[Source data]
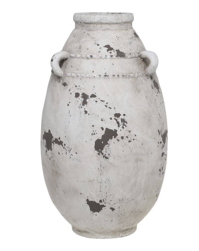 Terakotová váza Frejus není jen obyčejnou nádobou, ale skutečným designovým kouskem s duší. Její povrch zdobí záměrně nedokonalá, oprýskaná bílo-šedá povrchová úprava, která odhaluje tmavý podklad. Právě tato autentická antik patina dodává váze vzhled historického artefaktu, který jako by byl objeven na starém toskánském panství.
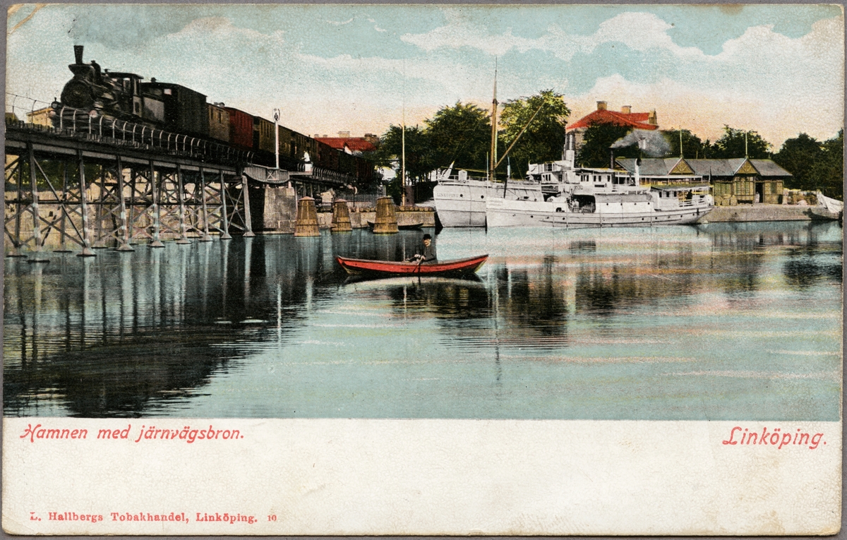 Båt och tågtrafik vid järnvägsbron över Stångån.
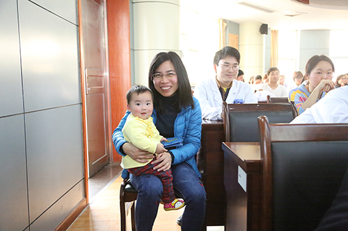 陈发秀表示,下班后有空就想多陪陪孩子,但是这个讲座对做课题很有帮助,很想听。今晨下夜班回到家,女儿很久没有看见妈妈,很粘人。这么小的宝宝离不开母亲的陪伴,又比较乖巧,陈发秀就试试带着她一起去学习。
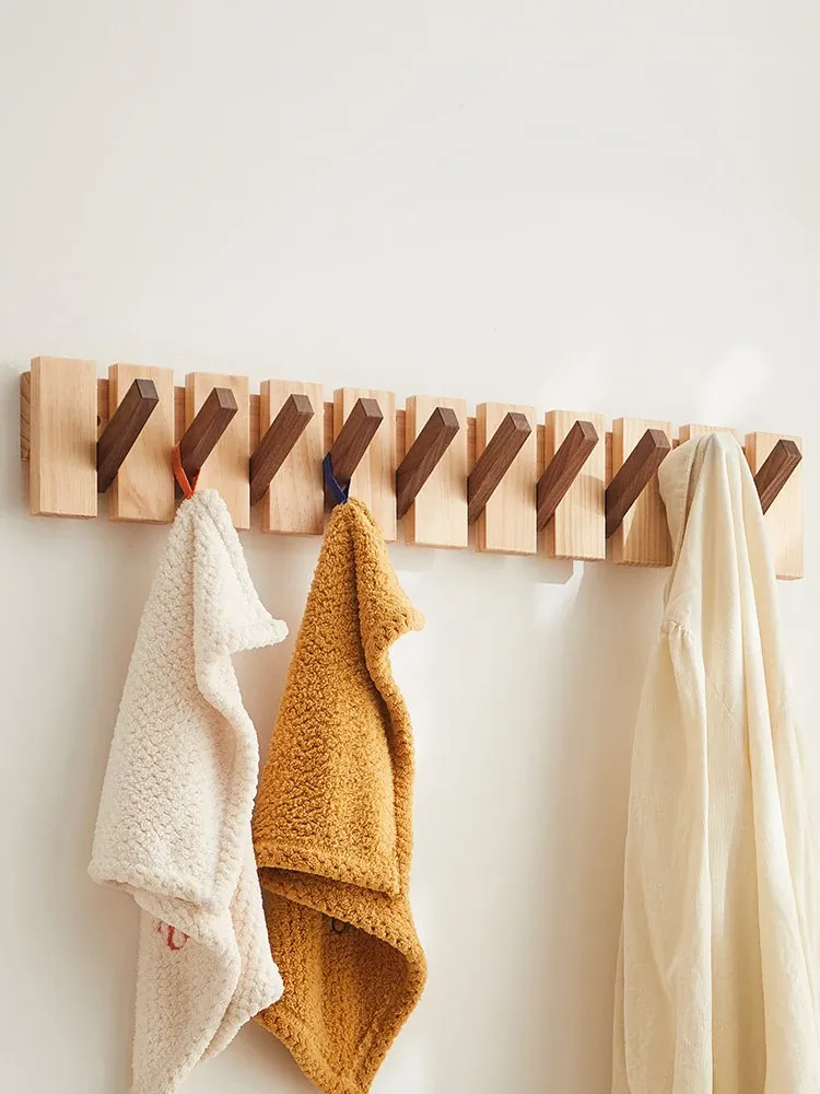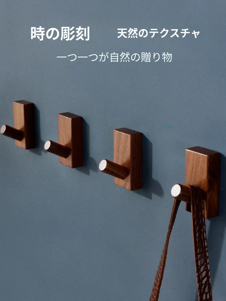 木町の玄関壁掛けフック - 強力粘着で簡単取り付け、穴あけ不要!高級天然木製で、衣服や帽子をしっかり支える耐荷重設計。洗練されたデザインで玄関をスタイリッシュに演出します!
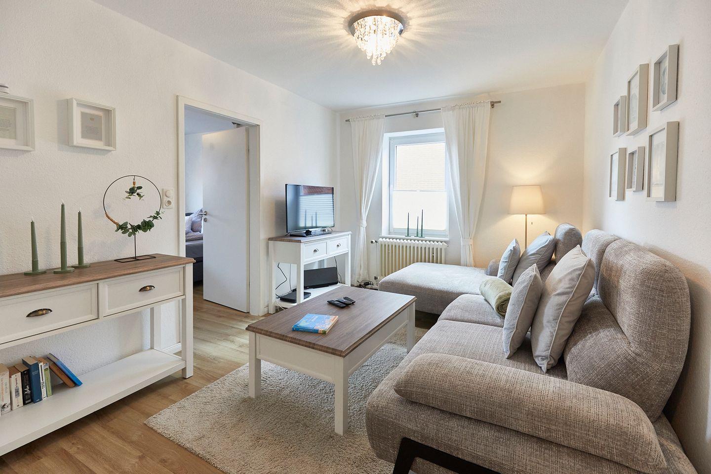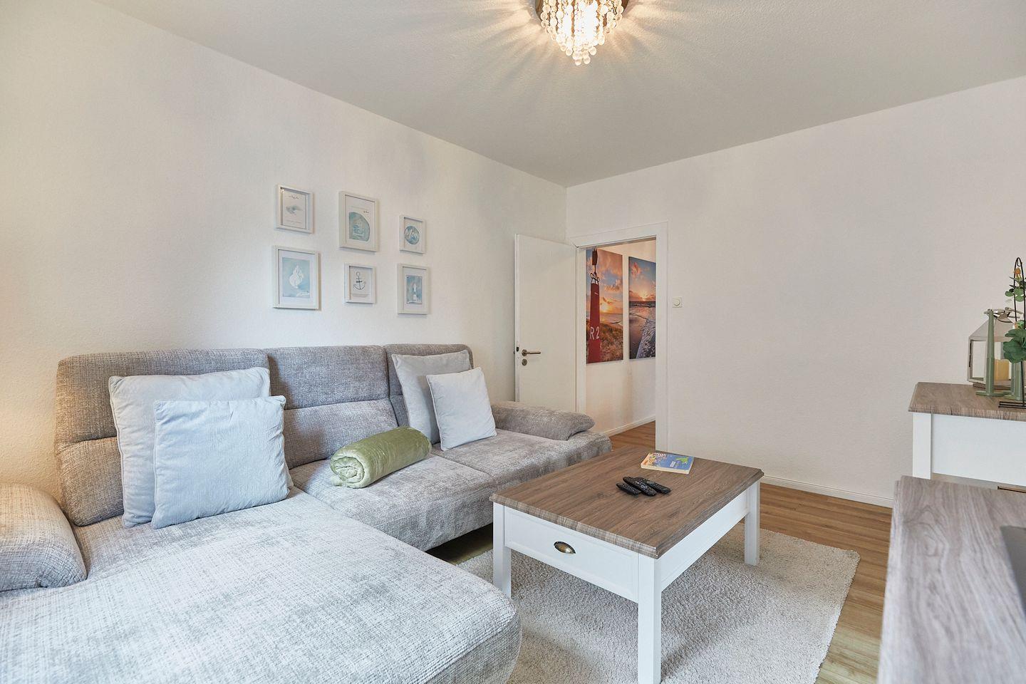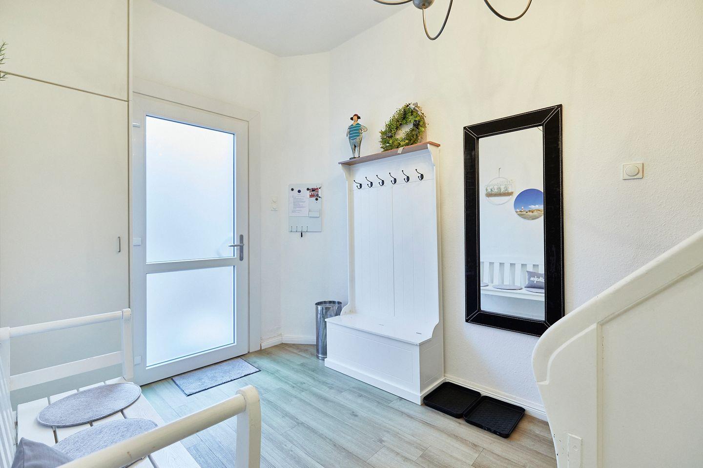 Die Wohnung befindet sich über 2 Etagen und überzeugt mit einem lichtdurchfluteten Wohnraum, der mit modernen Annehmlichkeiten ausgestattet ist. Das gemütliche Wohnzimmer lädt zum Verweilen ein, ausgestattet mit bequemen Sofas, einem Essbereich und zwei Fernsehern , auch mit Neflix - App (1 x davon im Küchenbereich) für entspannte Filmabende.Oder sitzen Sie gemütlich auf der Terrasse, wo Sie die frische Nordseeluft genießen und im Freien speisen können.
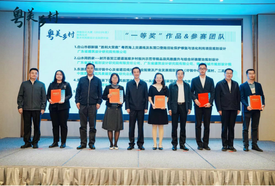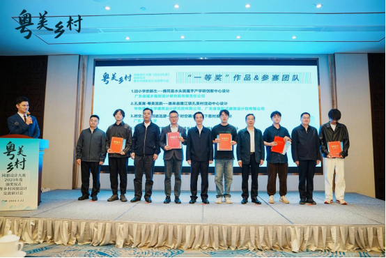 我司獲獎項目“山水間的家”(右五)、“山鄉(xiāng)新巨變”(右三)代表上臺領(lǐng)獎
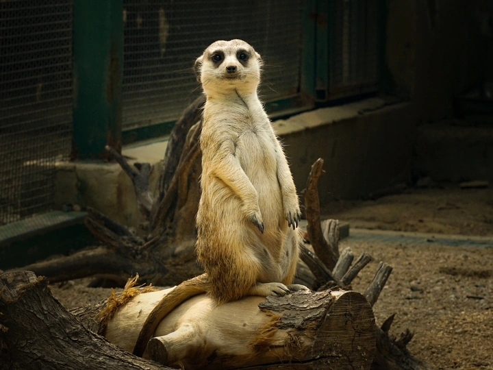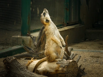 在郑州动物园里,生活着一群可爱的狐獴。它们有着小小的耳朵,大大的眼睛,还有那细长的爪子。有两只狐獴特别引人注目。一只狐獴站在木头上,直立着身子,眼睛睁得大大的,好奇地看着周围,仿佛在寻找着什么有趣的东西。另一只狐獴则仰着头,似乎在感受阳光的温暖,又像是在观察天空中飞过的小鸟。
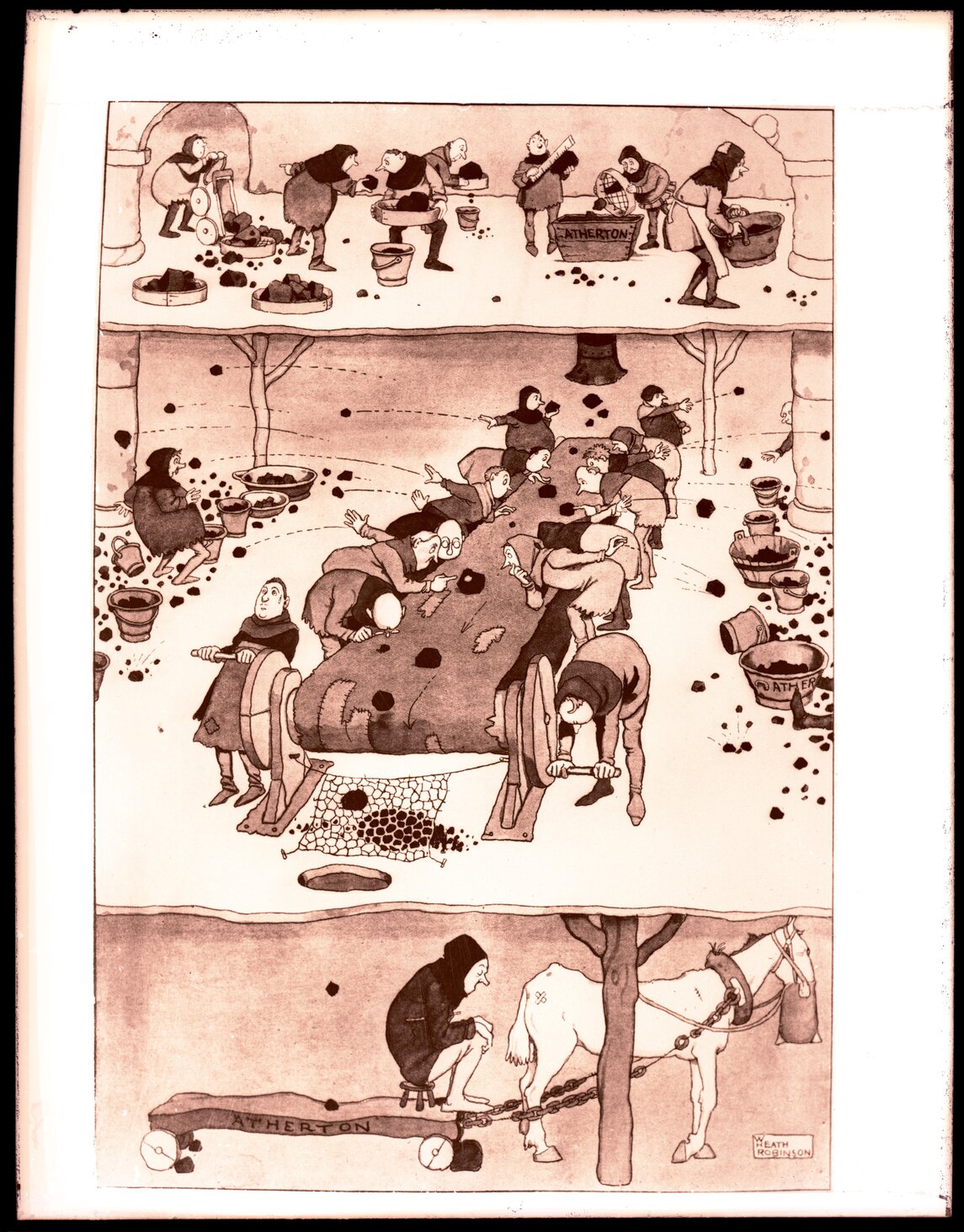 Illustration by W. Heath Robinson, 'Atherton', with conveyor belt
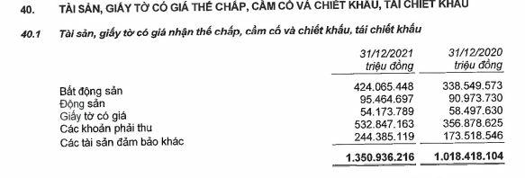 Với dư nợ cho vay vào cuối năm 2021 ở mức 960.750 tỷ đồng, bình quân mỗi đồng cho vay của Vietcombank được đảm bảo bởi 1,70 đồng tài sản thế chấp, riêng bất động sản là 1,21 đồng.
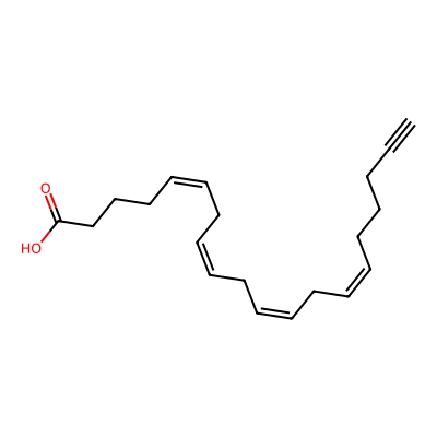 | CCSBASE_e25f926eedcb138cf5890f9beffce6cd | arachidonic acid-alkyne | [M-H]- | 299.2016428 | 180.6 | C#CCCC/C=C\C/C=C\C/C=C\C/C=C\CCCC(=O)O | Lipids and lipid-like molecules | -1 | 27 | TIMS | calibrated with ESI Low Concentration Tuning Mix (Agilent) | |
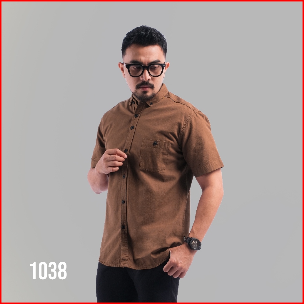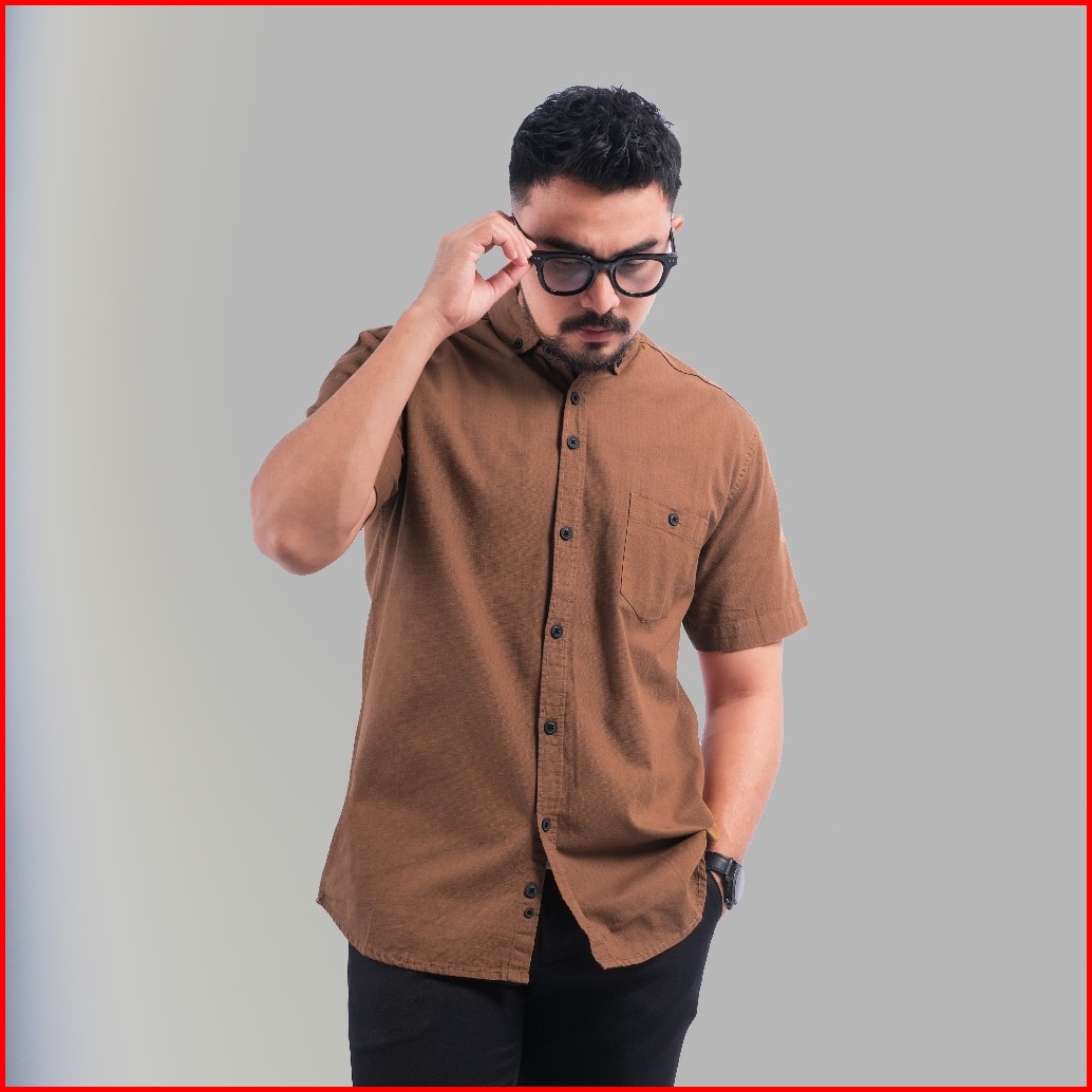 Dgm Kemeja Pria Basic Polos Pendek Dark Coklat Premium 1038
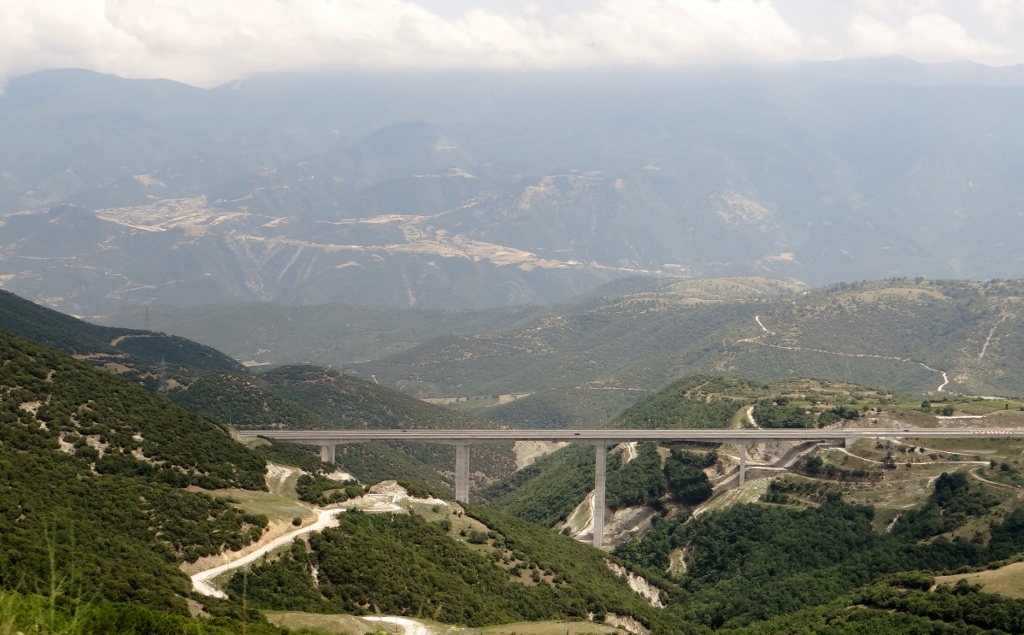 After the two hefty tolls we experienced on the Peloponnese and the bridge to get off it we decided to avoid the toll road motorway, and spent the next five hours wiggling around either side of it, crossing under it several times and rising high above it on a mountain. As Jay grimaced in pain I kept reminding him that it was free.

§ What to work on
Starting with the line that contains "Dgm Kemeja Pria" and ending with the last line of the data above, transcribe exactly those lines and no others, without pictures.

§ Exercise answer
 Dgm Kemeja Pria Basic Polos Pendek Dark Coklat Premium 1038
 After the two hefty tolls we experienced on the Peloponnese and the bridge to get off it we decided to avoid the toll road motorway, and spent the next five hours wiggling around either side of it, crossing under it several times and rising high above it on a mountain. As Jay grimaced in pain I kept reminding him that it was free.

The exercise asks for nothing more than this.